A friend of mine just suffered a loss in her family. The relative was ill in the hospital for several days, but could still receive visitors. My friend’s family was touched by the number of people who came to visit, but some guests were more welcome than others.
One thing that rubbed the family the wrong way was when visitors would overstay their welcome, or ask lots of questions. In her situation, the family was very tired and drained of energy, and keeping company was exhausting. They too were trying to grasp the situation and understand the health issues, so being constantly asked about how this had happened, or what the doctors were saying, was emotional and frustrating. It got to the point where they had to request some privacy at the hospital.
Some visitors, however, made more thoughtful gestures.
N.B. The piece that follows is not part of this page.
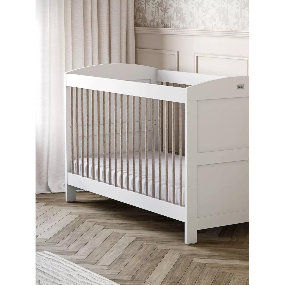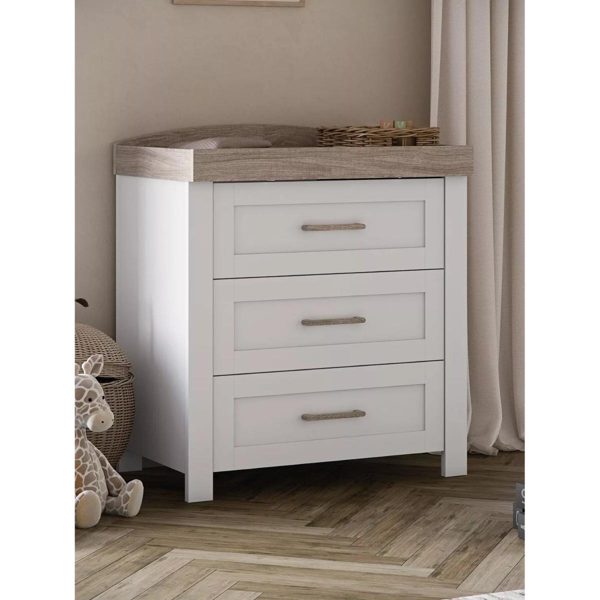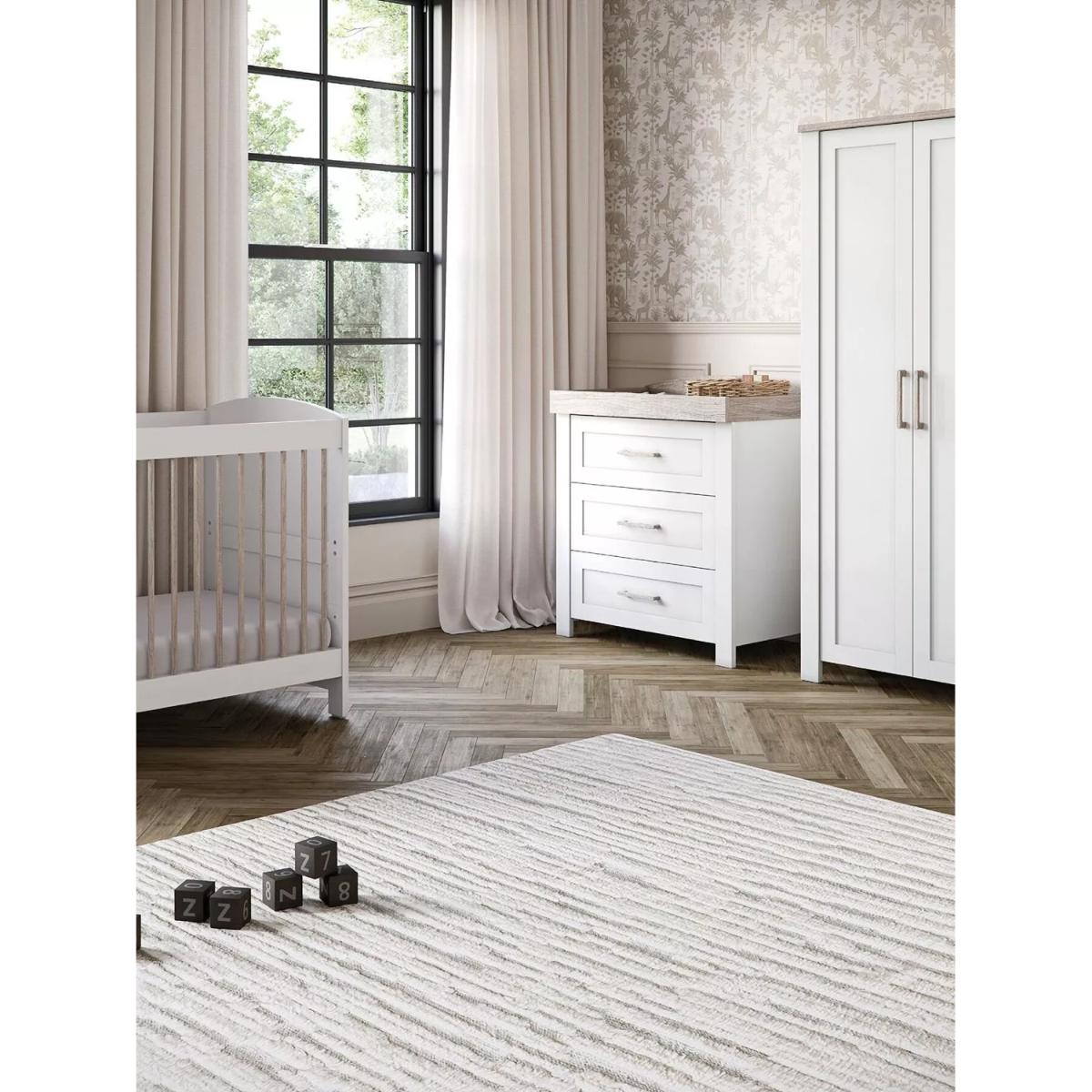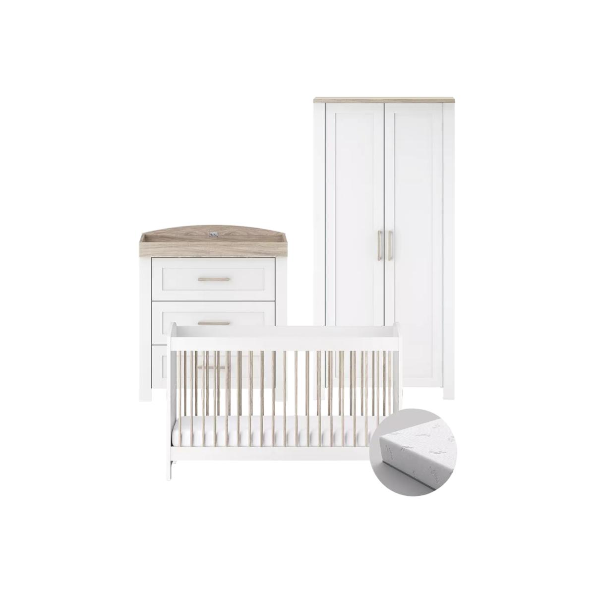 Create your dream nursery with the Silver Cross Valencia 4-piece nursery furniture set, designed to grow with your little one from newborn to toddler. Featuring a timeless white finish and natural ash accents, the Valencia set creates a calming, fresh canvas for your nursery. This versatile, two-tone collection includes a cot bed that easily converts to a toddler bed, a dresser with a removable changer top for added longevity, and a spacious wardrobe, all crafted for durability over the years. Plus, with the True. Fit™ Eco Fibre Cotbed Mattress, your little one will be safe and comfortable all night long. Cot to Toddler Bed The Valencia cotbed will suit every stage of your little one’s growth from their first night at home up to their toddler years. With three mattress heights, the cotbed should be used in the highest setting for your newborn and lowered gradually as they start to roll, sit and stand. When the cot railings are no longer needed, they can be easily removed to leave behind a toddler bed using the same base. TrueFit™ Eco Fibre Cotbed Mattress With an eco-fibre core to aid breathability and regulate temperature, and a super soft knitted lining, the True. Fit™ Eco Fibre Cotbed Mattress is the perfect choice for your little dreamer. The high-quality mattress also features Silver Cross’ True. Fit™ edge-to-edge corners for the most secure fit inside your cot, and a firm core for safe sleep from newborn to toddler. Dresser The Valencia dresser is the ultimate storage solution for your little one’s first bedroom. With three deep drawers, there’s plenty of space for keeping clothing and bedding organised. The removable changer top can be easily attached to the top of your dresser for convenient nappy changes and used over the years for additional storage space. Wardrobe With twin hanging rails and two shelves, there’s plenty of space to store your child’s clothing. As your baby grows, the lower rail and shelf can be easily removed so you can continue to use it throughout their childhood.

It was always appreciated when a visitor would offer to give a family member a break and stay with the patient. This allowed the family to get some fresh air, grab a bite to eat, make phone calls, etc. Bringing food was also nice. When you’re confined to a hospital room with a loved one, it’s hard to take care of the most basic things because you don’t want to leave their side. Having the time to do that, or to have food, drinks, newspapers, or even toiletries readily available makes a big difference.
Illness and death are awful situations, and it’s hard to blame someone for not knowing how to act. The best advice is to not be overbearing, to respect the family’s situation, and to be a help, not a hindrance.